I haven't really written anything for two weeks, although I have meant to a few times.
I just don't have anything to say.
The movie Revolutionary Road was quite possibly the worst movie I've seen in the theaters in many years. If it weren't for the Jason Biggs helmed "Loser", I might say ever. There were good performances, don't get me wrong, but the movie was just there. And oh so whiny. Starting about half way through the movie I started visually cheering for Kate Winslet's character April to kill herself. I think this simultaneously cracked up my girlfriend at the time and also made her question who is this crazy person she is sitting with. When she finally does die at the end of the movie (spoiler alert!) due to a self abortion stab wound...well, I was pretty pleased about that development.

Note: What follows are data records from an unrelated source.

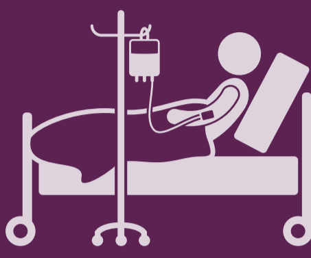
History of blood disorders or childhood cancers
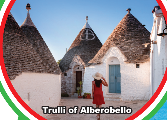
Trulli of Alberobello
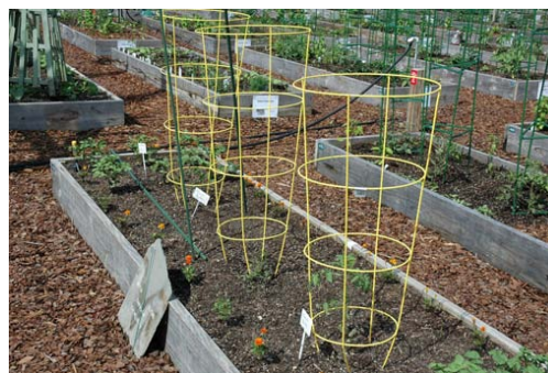
Figure 8. Caging is also a very popular way to support tomato plants. Caged tomato plants tend to be more productive, but fruits might ripen later due to heavier fruit load.
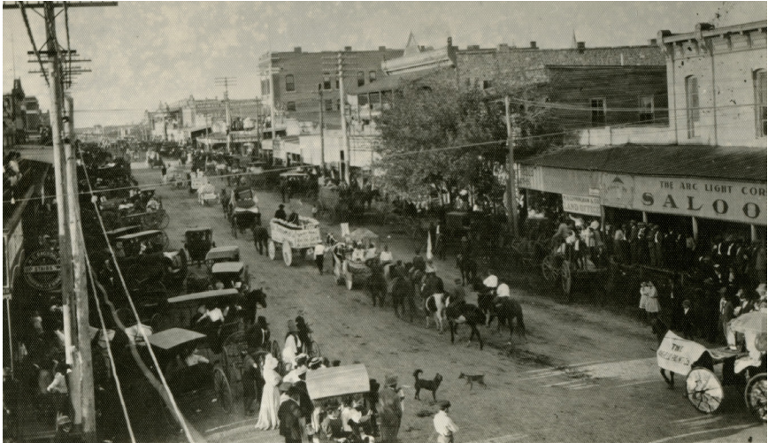
FIGURE 0.1. Settler's Day Parade, San Angelo, Texas. Parades like this celebrated the Anglo conquest of Texas. Former Texas Ranger and Confederate soldier John W. Long observed the 1910 version of this parade. Sharing his thoughts with the San Angelo Standard Times correspondent, he reflected, "I glory in the knowledge that West Texas will always be what we fought for and what the Lord intended it to be—a white man's country."

In 1910, a decade and a half after Lummis's pronouncement, residents of San Angelo, Texas, gathered to celebrate and lament the receding of Texas's heroic age. The parade of aged settlers marching down crowd-lined streets moved a correspondent for the San Angelo Standard Times to a paroxysm of nostalgia: "The old boys, a surviving remnant of the Old Guard, lined up today and with stride as nimble as that of youth and with step as elastic as that of boyhood's halcyon days, fell in line and proudly marched in grand parade." The paper continued, "The parade was in every way characteristic of the 'Wild and Woolly West.' To make the event all the more typical of early day[s,] pistol shots and cowboy yells rang out as the procession marched down Chadbourne Street." Behind the geriatric pioneers came the police, a military band, assorted ranchers and stockmen, and members of the Ku Klux Klan. 2 It was in every way the epitome of a small-town celebration.
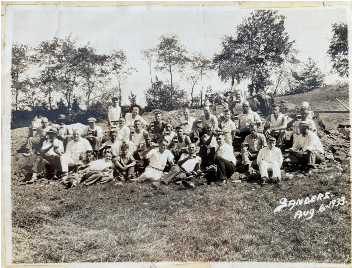
Post Members digging foundation for the Post 210 Building on North Street Doylestown.
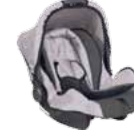
spirit silver grey (657)
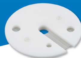
Low-evaporation vessel covers are included

Dimensions (width / depth/ height): 510 mm / 450 mm / 660 mm / 30 kg (weight)
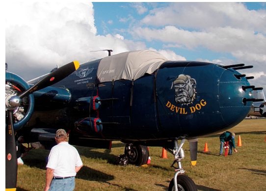
Mitchell B25 Cockpit Cover w/ Custom Imprint (Bellystrap Type)
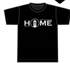
Shown with Design C
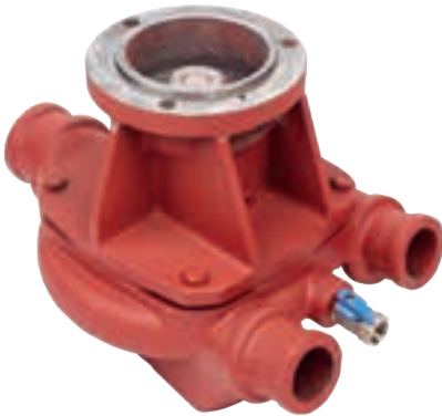
SD-089 | Water Pump Double Breaking LT Type
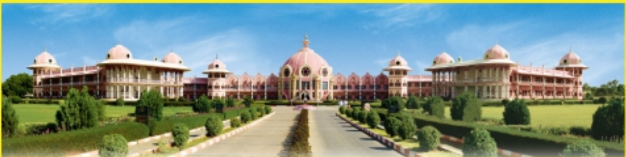
SATHYA SAI SUPER SPECIALITY HOSPITAL Puttaparthi Andhra Pradesh
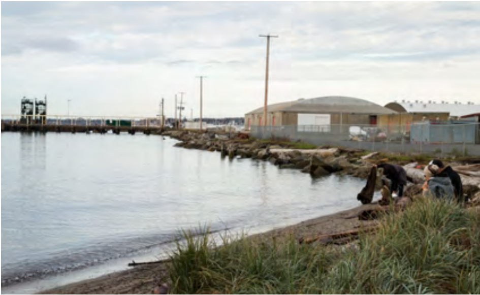
Glass Beach and the neighboring site of a former municipal landfill will undergo cleanup and renovation to create Cornwall Beach Park, which is projected to be Bellingham's largest waterfront park.
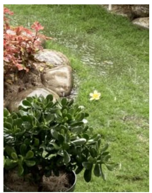
Our soggy backyard

hard to not do a second rinse while the clothes are hanging on the line!

I guess the reason that I bring it up is because although the movie kinda sucked, the theme sort of stuck with me. There's this sort of restlessness that boils just beneath the surface for these characters. Everything appears to be perfect on the surface, they've moved out to the burbs, bought a wonderful house, he has a wonderful job. But it's not right. Because Leo's restless, man.
I feel really restless right now.
I have this house, and to be honest, it makes me feel trapped more than anything. I love it; don't get me wrong. I take immense satisfaction in the fact that I own the place I lay my head down in every night. The day of my closing is easily in the top 5 happiest days of my life, probably top 3 even.
But, fuck, man, now what?
If I bolt now, or within the next two years, I am taking a HUGE hit. What I was so foolish about, and I think many others as well, is exactly how much a house really costs. I had no idea about equity. I figured if I paid $20,000 in mortgage payments in two years, I'd be able to sell the house and make a small bit of money. How foolish in retrospect. I pay off a whopping $100 in principle every month, and I'm really getting nowhere to show for it.
I think that under the right circumstances that I would enjoy Syracuse very much, especially now in the summer when the winter is a distant memory that I don't have to worry about for a few more months.
I think that what it boils down to is that I'm going stir crazy from the life I have decided to live the last few months.
Dedication is apparently a double-edged sword.
I have a few things planned for this weekend, so I'm hoping that will alleviate some of the growing tension I have been feeling lately within myself.
Many people will say that a large problem with America these days is that no one has any discipline. Everything and everyone is me! me! me! and now! now! now! I agree with the sentiment, but I'm also realizing that I am falling in to that trap of wanting what I want RIGHT NOW without having to wait for it.
Except that I will. Wait that is.
Looking at my blog it's easy to think that this is driving me crazy and I'm slowly killing myself by being anti-social. That's not exactly true. I just get in a mood every now and then and at the very least it gives me something to write about.
But, hey, at least it's finally starting to feel like summer. I think I just need to relax.